The loss of protective wetlandsworsens the impact of storms and hurricaneson coastal communities . Compounded by rise sea stage , kingdom red also jeopardize Louisiana ’s commercial fishing industry — which makes up 30 % of the U.S. yearly snap — five major port and rich wetland ecosystem .

An invasive silver carp flies through the air over the Illinois River.

Invasive carp can jump over low dams and threaten native river ecosystems across several U.S. states.

See the reconstructed home of ' polar dinosaurs ' that thrived in the Antarctic 120 million years ago

What ’s hiding under Antarctica ’s ice rink ?

noted tomb enjoin to hold Alexander the Great ’s founding father actually contain young adult male , a woman and 6 baby , sketch finds

Chinese peasants meditate and read before getting to work in the fields during Mao Zedong’s Cultural Revolution.

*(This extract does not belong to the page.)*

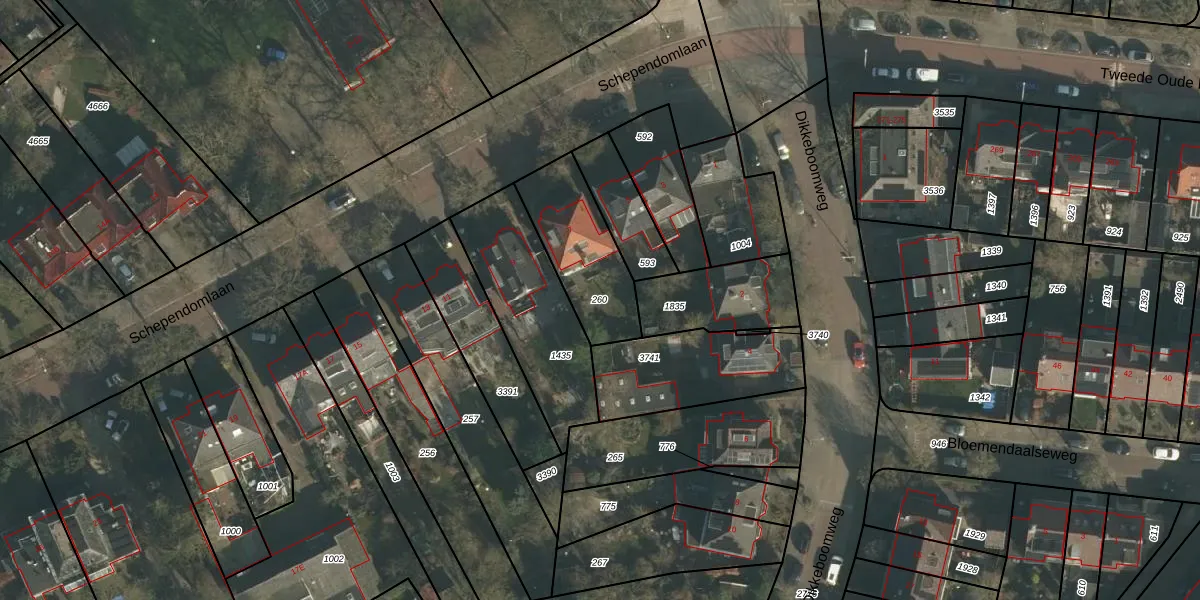 Gebruik de zoekbalk of klik op een perceel om informatie over het perceel te bekijken.
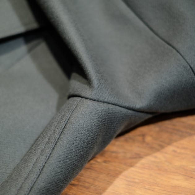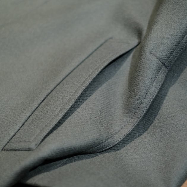 (サンプル品は袖丈が少し短いですが、製品版では3cmほど長く修正され、ターンナップする前提のバランスになるそうです。)

During the Cultural Revolution in China, peasants read texts written by the communist leader Mao Zedong every morning before getting to work in the fields.

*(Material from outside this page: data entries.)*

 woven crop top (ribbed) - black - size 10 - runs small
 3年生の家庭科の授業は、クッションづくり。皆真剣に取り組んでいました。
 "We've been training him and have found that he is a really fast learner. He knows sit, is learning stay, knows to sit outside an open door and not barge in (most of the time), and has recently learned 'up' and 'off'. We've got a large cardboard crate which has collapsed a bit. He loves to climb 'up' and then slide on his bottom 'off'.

An aerial view of two boats crossing each other at the mouth of the Mississippi River.

The Mississippi River previously recycled its load of sediment by depositing it as marshland.

A painting of a Viking man on a boat wearing a horned helmet

The sun in a very thin crescent shape during a solar eclipse

In the image a silver, faceless, humanoid, robot stands still as a lady take a photo of the robot on her phone

Paintings of animals from Lascaux cave

Stonehenge, Salisbury, UK, July 30, 2024; Stunning aerial view of the spectacular historical monument of Stonehenge stone circles, Wiltshire, England, UK.

A collage of three different robots

Rollable laptop.

Screenshot from a video showing a robotic torso springing to life. The torso and the background are white.

A collage of three images of different spacecraft

A brain sculpture made from computer parts

Reconstruction of an early Cretaceous landscape in what is now southern Australia.